Und nun saßen sie also in Schweigen und warteten auf Shacklebolts Eintreffen. Die Stille schien bis in die hintersten Ecken von Dumbledores Büro vorzudringen und lastete schwer auf Jocelyn. Einmal mehr fühlte sie sich hilflos. Sie spürte förmlich Dracos Trauer, aber sie wusste nicht, wie sie für ihn da sein konnte, wenn er so in sich gezogen war.
Als das Kaminfeuer schließlich einige Minuten später grün aufleuchtete, schien ein Ruck durch die versammelten Leute in Dumbledores Büro zu gehen und alle sahen zum Kamin, wo nun eine große, breitschultrige Gestalt in den Flammen auftauchte. Shacklebolt stieg aus dem Kamin und klopfte sich den Ruß von seinem Umhang. „Dumbledore, ich bin hierhergekommen, so schnell ich konnte. Was ist los?“
Er ließ den Blick durch den Raum gleiten und falls er überrascht war, Narzissa hier zu sehen, so ließ er sich nichts anmerken.
Dumbledore zauberte wie aus dem Nichts heraus einen Stuhl herbei und bedeutete dem Phönixordenmitglied, darauf Platz zu nehmen. Dann fasste er schnell die Ereignisse des heutigen Abends für Shacklebolt zusammen, der aufmerksam zuhörte.
„Ein sicheres Versteck“, murmelte er nachdenklich, nachdem Dumbledore geendet hatte.
Er erhob sich und sah Narzissa an: „Wollen wir aufbrechen, Madam?“, fragte er höflich.
Diese sah beunruhigt zu Snape und sagte mit zittriger Stimme: „Aber was ist mit Draco?“
„Ich werde mich um ihn kümmern, sei unbesorgt, Narzissa.“, sagte Snape ruhig.

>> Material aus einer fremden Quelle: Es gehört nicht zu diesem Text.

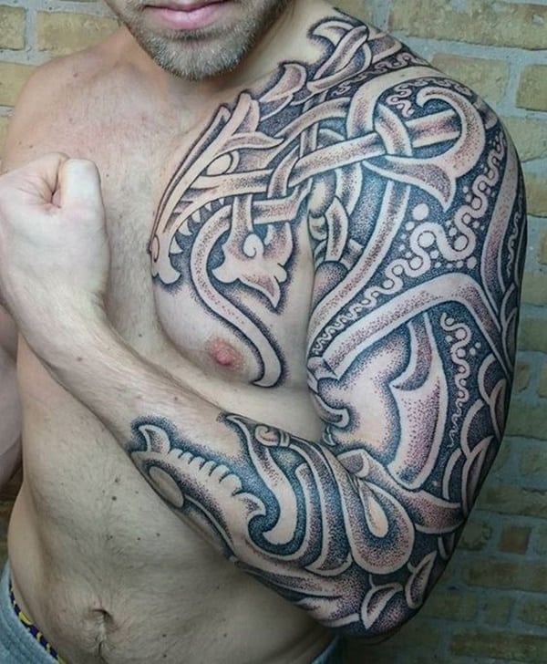 Les tatouages celtiques sur le corps d'un homme sont très attrayants, courageux et sexy. Les hommes peuvent appliquer en toute sécurité de grands tatouages celtiques sur leur corps. Les tatouages de motifs celtiques semblent attrayants pour le cou d'un homme. Ici, vous pouvez appliquer de grands ornements celtiques qui racontent les caractéristiques d’un personnage masculin. Et les motifs celtiques sur le dos de l’homme soulignent sa virilité et sa détermination. Des modèles similaires s’appliquent aux poignets, aux bras, aux avant-bras et aux épaules. Les professionnels font valoir que les ornements celtiques mettent l’accent sur la musculature masculine, il est donc avantageux d’utiliser de grandes images de nœuds. Ces tatouages attirent l'attention du sexe opposé.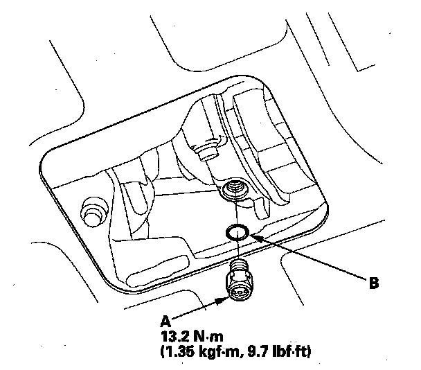 3. Remove the relief valve (A) and the O-ring (B). Plug the opening to keep foreign matter from entering the system and the A/C compressor oil from running out.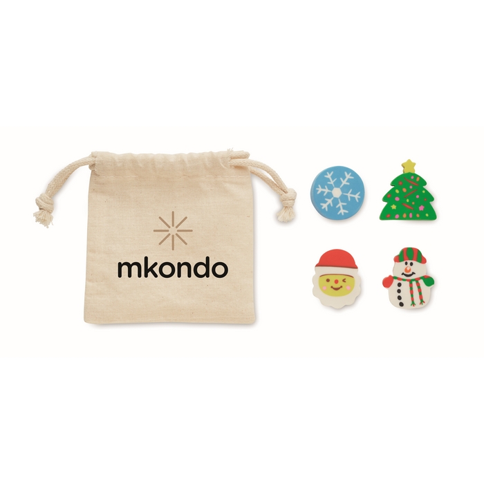 Το σετ RUBBIES περιλαμβάνει τέσσερις διαφορετικές γόμες σε σχήμα νιφάδας, Άγιου Βασίλη, χριστουγεννιάτικου δέντρου και χιονάνθρωπου, τοποθετημένες σε ένα χαριτωμένο βαμβακερό σακουλάκι με κορδόνι. Ιδανικές για την εορταστική περίοδο καθώς οι γόμες προσθέτουν μια χαρούμενη πινελιά στις σχολικές εργασίες και τα καλλιτεχνικά έργα.

Draco bewegte sich das erste Mal seit einigen Minuten und funkelte Snape wütend an. Es schien ihm nicht zu gefallen, wie die beiden über seinen Kopf hinweg redeten.
Narzissa nickte und stand auf, nicht ohne Draco nochmal die Schulter zu tätscheln. Sie ging zu Shacklebolt hinüber und dieser informierte sie: „Wir werden zuerst einmal mit dem Flohnetzwerk zu einem sicheren Ort reisen, von dem wir dann apparieren können.“
Narzissa gab stumm ihre Zustimmung und Shacklebolt warf etwas Flohpulver in die Flammen und stieg in den Kamin. „Winkelgasse“, sagte er und verschwand. Mit einem letzten, besorgten Blick auf ihren Sohn folgte Narzissa ihm.